New Generation Entropy coders
This library proposes two high speed entropy coders :
Huff0, a Huffman codec designed for modern CPU, featuring OoO (Out of Order) operations on multiple ALU (Arithmetic Logic Unit), achieving extremely fast compression and decompression speeds.
FSE is a new kind of Entropy encoder, based on ANS theory, from Jarek Duda, achieving precise compression accuracy (like Arithmetic coding) at much higher speeds.
Benchmarks are run on an Intel Core i7-5600U, with Linux Mint 64-bits. Source code is compiled using GCC 4.8.4, 64-bits mode. Test files are generated using the provided
probagen program. Benchmark breaks sample files into blocks of 32 KB.
FSE are compared to
zlibh, the huffman encoder within zlib, provided by Frederic Kayser.
|Huff0||6.38||600 MB/s||1350 MB/s|
|FSE||8.84||325 MB/s||440 MB/s|
|zlibh||6.38||265 MB/s||300 MB/s|
|Huff0||1.90||595 MB/s||860 MB/s|
|FSE||1.91||330 MB/s||460 MB/s|
|zlibh||1.90||255 MB/s||250 MB/s|
|Huff0||1.13||525 MB/s||555 MB/s|
|FSE||1.13||325 MB/s||445 MB/s|
|zlibh||1.13||180 MB/s||210 MB/s|
By design, Huffman can't break the "1 bit per symbol" limit, hence loses efficiency on squeezed distributions, such as
Proba80. FSE is free of such limit, and its compression efficiency remains close to Shannon limit in all circumstances. However, this accuracy is not always necessary, and less compressible distributions show little difference with Huffman. On its side, Huff0 delivers in the form of a massive speed advantage.

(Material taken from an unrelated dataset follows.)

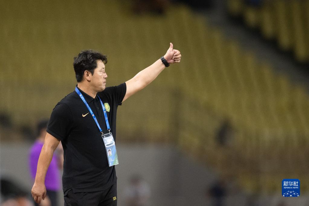 8月17日,北京国安队临时主教练隋东亮在场边指挥。新华社记者 肖艺九 摄

External contributions are welcomed and encouraged. The "master" branch is only meant to host stable releases. The "dev" branch is the one where all contributions are merged. If you want to propose a patch, please commit into "dev" branch or dedicated feature branch. Direct commit to "master" are not permitted.